Thursday 7 January 2010

SF corner

I've just finished reading Paul McAuley's Gardens of the Sun. It's science fiction. No! Come back! It's a mix of hard SF (i.e. heavily oriented towards science), space opera and politics, which suits me perfectly. Good science fiction does one thing well: it explores the connotations and consequences of our current conditions through extension and supposition. It is always about us, now, though often disguised as space adventures, the future, or whatever.


Gardens of the Sun is part of the wave which explores the political possibilities of astronomy, environmentalism and climate change, genetic modification, of human modification (including extreme longevity), and of the very shallow commitment to democracy currently present in most of the world. It's a bit like Ken MacLeod's work: committedly left-libertarian (not me, I'm left-authoritarian, as you'll discover when I'm in charge and you're out in the fields picking my organic lettuces).
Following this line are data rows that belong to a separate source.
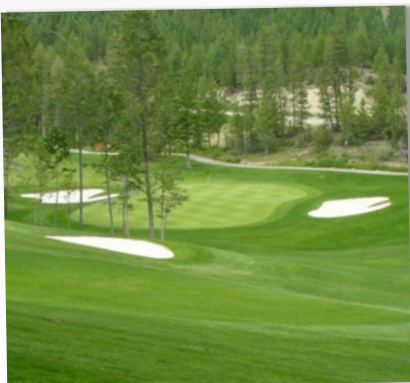
THE RIDGE AT COPPER POINT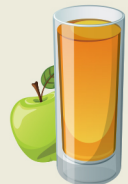
Apple Juice عصير تفاح

Pepsi® Products also available يوجد مياه غازيه من بيبسي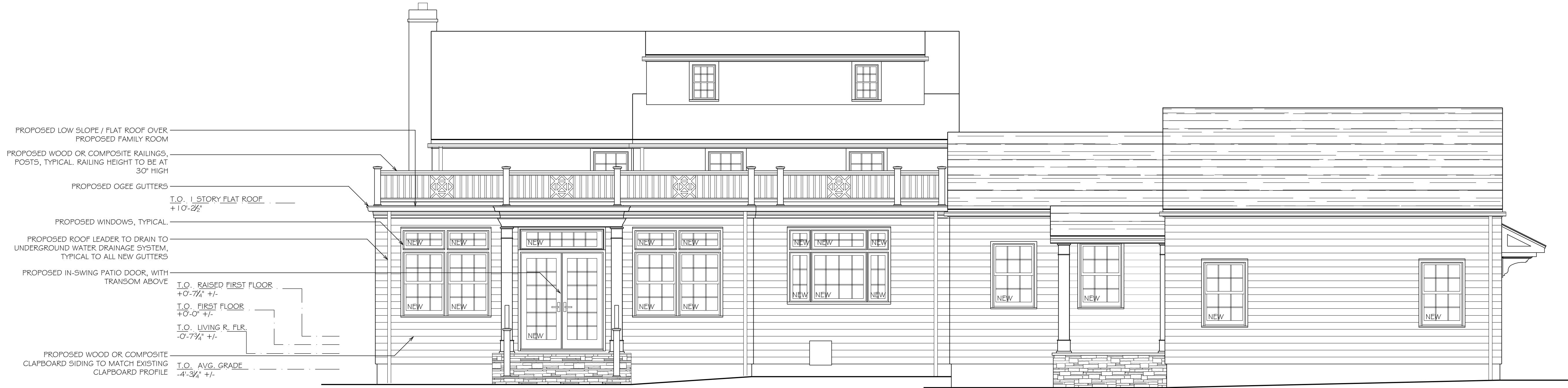
1 PROPOSED WEST ELEVATION SCALE: 1/4" = 1'-0"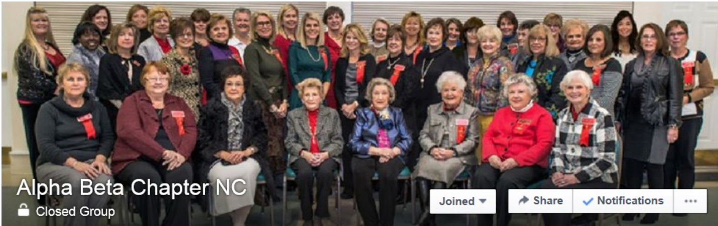
Alpha Beta Chapter NC Closed Group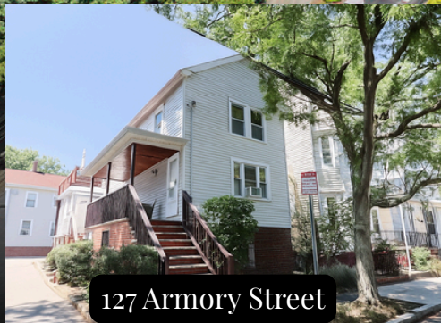
127 Armory Street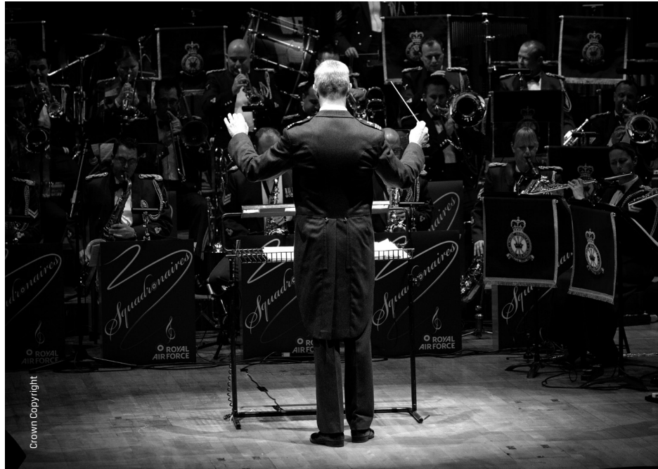
The Central Band of the Royal Air Force in concert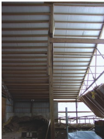
Figure 1: Buckling of a nail-laminated post due to improper design. Also visible is the buckling of the compression web chords due to improper bracing.

A prime example of the problems this causes was on full display in Myren's freestall barn and the other five failed buildings I visited the same day. Many of these buildings had seriously under-designed interior columns. As constructed, most of these columns would have an allowable axial design load of zero (0) which explains the classic buckling observed (figure 1). Other major deficiencies included no column sideways control at connections between interior columns and trusses, no accounting for additional loads induced by drifting snow and improper truss web bracing. With respect to the latter, all buildings I inspected with roof trusses utilized continuous lateral restraint (CLR) systems to brace longer compressive web members. Unfortunately, every CLR system was improperly installed, as none of them included diagonal bracing to prevent CLR shifting. This resulted in web buckling (figure 2) and subsequent truss failure.

Now I'm on to Tom Holland's Millennium, an exploration of the rather interesting tenth century in Europe. The opening chapters are bold and provocative, though I'm deeply unimpressed by Holland's maps. He can't resist stamping 'England' across Wales, despite Wales being a patchwork of independent states at this point, united (and divided) by blood ties and a shared language. Ignoramus.

1 comment:

Dan said...

I've just finished Touching From A Distance - the book about Ian Curtis and Joy Division. Might be doing a blog post on it soon.

Now moving onto The Rum Diary.

I enjoy these posts, gives me some more contemporary (perhaps) authors to look at/into.